--- Exercise inputs ---
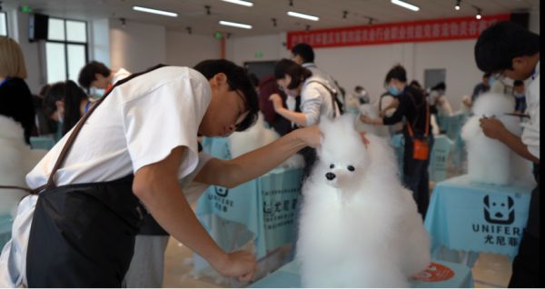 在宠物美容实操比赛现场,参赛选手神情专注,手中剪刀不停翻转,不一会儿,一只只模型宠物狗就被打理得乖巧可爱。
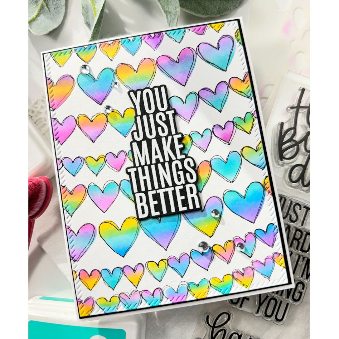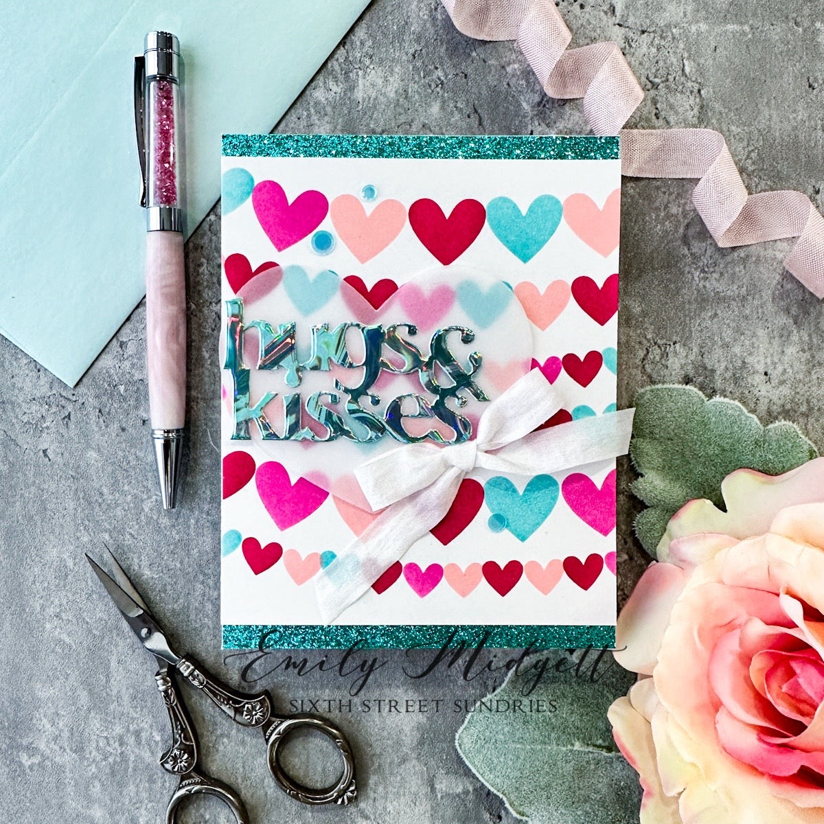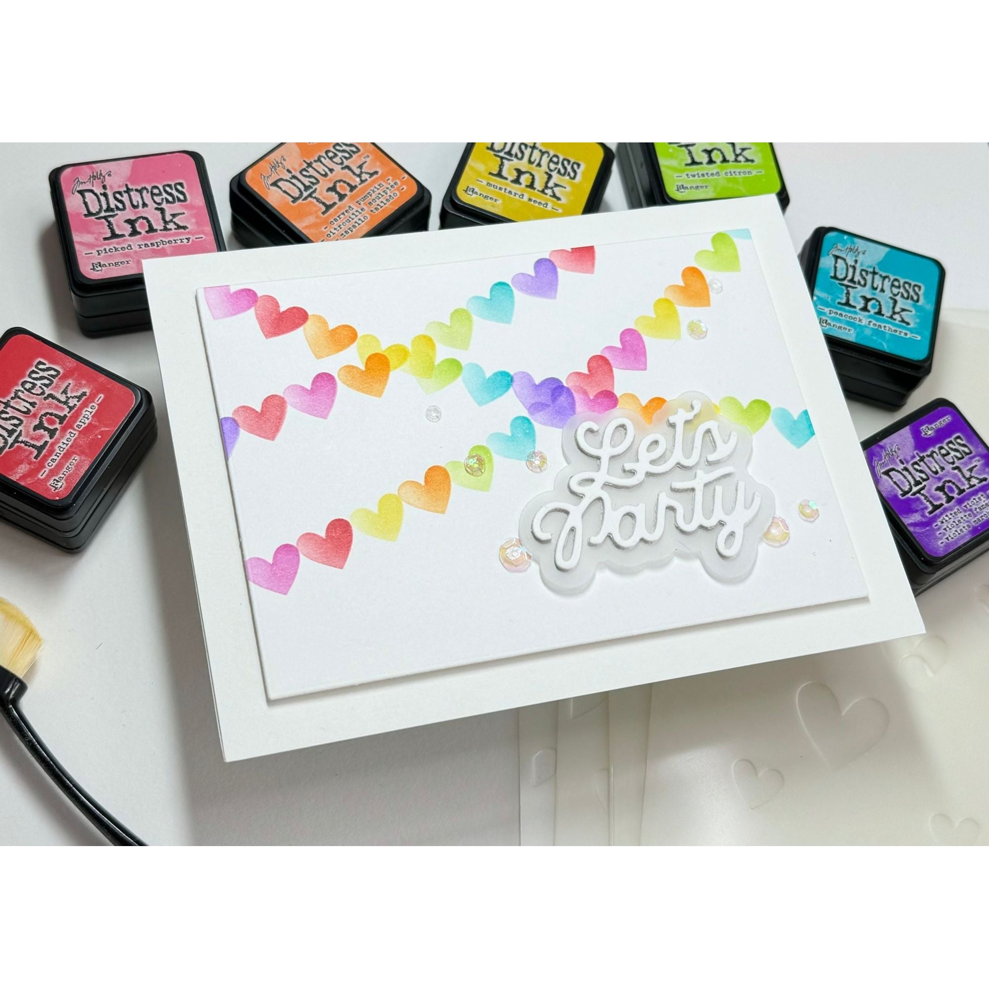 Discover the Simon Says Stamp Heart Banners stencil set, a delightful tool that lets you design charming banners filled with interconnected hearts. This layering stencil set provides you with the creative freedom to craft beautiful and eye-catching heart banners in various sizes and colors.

* * *

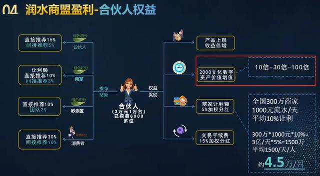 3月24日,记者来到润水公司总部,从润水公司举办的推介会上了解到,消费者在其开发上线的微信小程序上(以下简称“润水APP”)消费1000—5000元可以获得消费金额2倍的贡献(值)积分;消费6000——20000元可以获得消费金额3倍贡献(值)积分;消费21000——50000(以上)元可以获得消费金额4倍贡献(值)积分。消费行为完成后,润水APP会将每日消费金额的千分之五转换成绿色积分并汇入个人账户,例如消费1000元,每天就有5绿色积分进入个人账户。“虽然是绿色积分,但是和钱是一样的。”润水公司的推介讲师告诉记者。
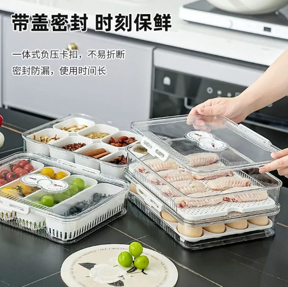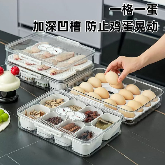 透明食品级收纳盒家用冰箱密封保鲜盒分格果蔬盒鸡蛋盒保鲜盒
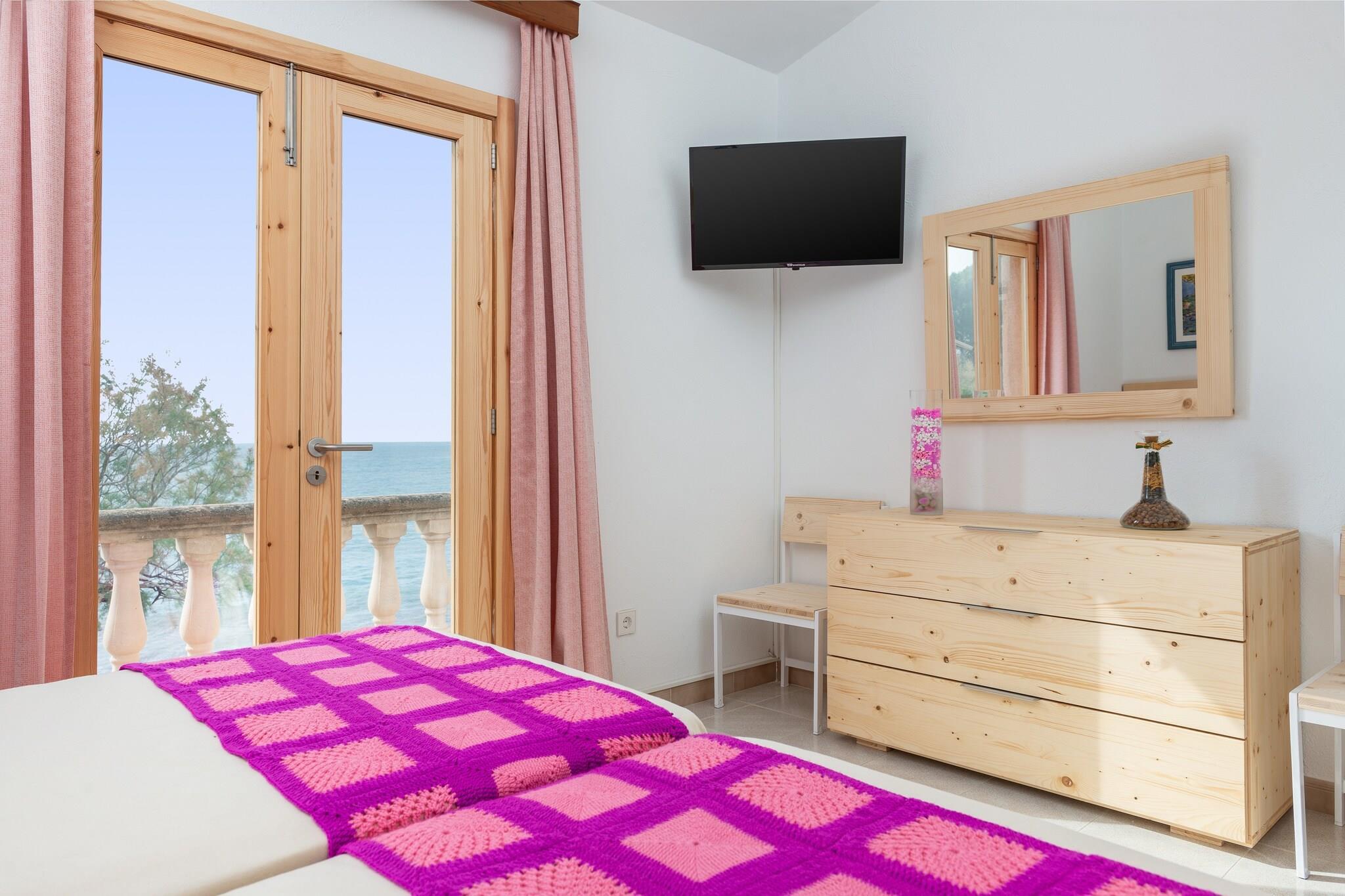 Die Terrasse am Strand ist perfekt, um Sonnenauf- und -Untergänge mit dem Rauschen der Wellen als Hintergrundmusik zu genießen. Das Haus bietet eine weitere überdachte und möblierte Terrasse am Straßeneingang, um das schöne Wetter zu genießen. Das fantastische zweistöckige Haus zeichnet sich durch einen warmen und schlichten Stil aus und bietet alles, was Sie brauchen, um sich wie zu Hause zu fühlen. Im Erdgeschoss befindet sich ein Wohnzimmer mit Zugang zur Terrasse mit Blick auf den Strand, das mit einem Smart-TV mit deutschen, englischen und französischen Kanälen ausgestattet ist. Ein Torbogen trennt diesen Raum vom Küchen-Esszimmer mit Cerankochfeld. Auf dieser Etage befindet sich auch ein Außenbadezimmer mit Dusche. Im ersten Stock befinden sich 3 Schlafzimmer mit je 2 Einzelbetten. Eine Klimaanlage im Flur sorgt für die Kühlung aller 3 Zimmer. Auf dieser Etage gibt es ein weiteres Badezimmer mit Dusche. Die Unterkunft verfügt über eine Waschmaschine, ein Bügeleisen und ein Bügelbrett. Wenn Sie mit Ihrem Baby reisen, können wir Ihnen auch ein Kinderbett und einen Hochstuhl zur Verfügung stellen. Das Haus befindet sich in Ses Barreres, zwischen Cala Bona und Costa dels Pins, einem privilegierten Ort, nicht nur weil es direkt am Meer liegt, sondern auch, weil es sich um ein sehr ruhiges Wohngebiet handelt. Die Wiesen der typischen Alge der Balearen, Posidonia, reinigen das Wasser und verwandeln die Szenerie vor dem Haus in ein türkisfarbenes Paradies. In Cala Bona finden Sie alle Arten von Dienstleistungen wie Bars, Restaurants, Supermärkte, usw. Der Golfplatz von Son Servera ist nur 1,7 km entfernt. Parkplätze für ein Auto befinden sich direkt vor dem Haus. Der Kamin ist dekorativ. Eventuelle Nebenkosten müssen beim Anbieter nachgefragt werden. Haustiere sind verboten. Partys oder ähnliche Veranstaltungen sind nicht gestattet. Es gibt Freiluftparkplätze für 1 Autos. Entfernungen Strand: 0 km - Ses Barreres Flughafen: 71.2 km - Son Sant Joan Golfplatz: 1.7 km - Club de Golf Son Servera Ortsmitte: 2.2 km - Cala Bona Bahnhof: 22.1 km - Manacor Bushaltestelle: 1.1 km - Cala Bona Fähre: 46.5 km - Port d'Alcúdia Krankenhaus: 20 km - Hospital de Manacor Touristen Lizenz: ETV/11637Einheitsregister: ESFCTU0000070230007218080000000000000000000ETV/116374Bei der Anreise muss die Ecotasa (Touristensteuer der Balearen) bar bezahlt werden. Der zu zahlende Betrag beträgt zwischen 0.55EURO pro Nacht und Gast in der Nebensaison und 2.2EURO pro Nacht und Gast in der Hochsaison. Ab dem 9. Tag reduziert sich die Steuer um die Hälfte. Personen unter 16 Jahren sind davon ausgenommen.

==

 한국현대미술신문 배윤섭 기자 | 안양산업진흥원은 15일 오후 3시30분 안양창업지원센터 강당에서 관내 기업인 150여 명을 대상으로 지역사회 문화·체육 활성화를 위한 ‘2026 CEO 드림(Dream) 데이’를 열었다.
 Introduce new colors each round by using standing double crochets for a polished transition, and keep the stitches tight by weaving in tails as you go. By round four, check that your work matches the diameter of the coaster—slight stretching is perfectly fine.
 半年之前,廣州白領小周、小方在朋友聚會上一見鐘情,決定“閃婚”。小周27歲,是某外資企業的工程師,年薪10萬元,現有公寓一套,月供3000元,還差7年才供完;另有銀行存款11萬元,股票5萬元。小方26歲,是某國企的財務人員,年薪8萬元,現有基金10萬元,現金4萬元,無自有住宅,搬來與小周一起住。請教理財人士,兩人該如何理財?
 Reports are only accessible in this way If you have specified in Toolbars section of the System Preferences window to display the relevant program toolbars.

--- How to complete this task ---
Given the records above, reproduce precisely and only the lines between the line holding "半年之前,廣州白領小周、小方" and the line holding "Reports are only", inclusive.

--- Exercise solution ---
 半年之前,廣州白領小周、小方在朋友聚會上一見鐘情,決定“閃婚”。小周27歲,是某外資企業的工程師,年薪10萬元,現有公寓一套,月供3000元,還差7年才供完;另有銀行存款11萬元,股票5萬元。小方26歲,是某國企的財務人員,年薪8萬元,現有基金10萬元,現金4萬元,無自有住宅,搬來與小周一起住。請教理財人士,兩人該如何理財?
 Reports are only accessible in this way If you have specified in Toolbars section of the System Preferences window to display the relevant program toolbars.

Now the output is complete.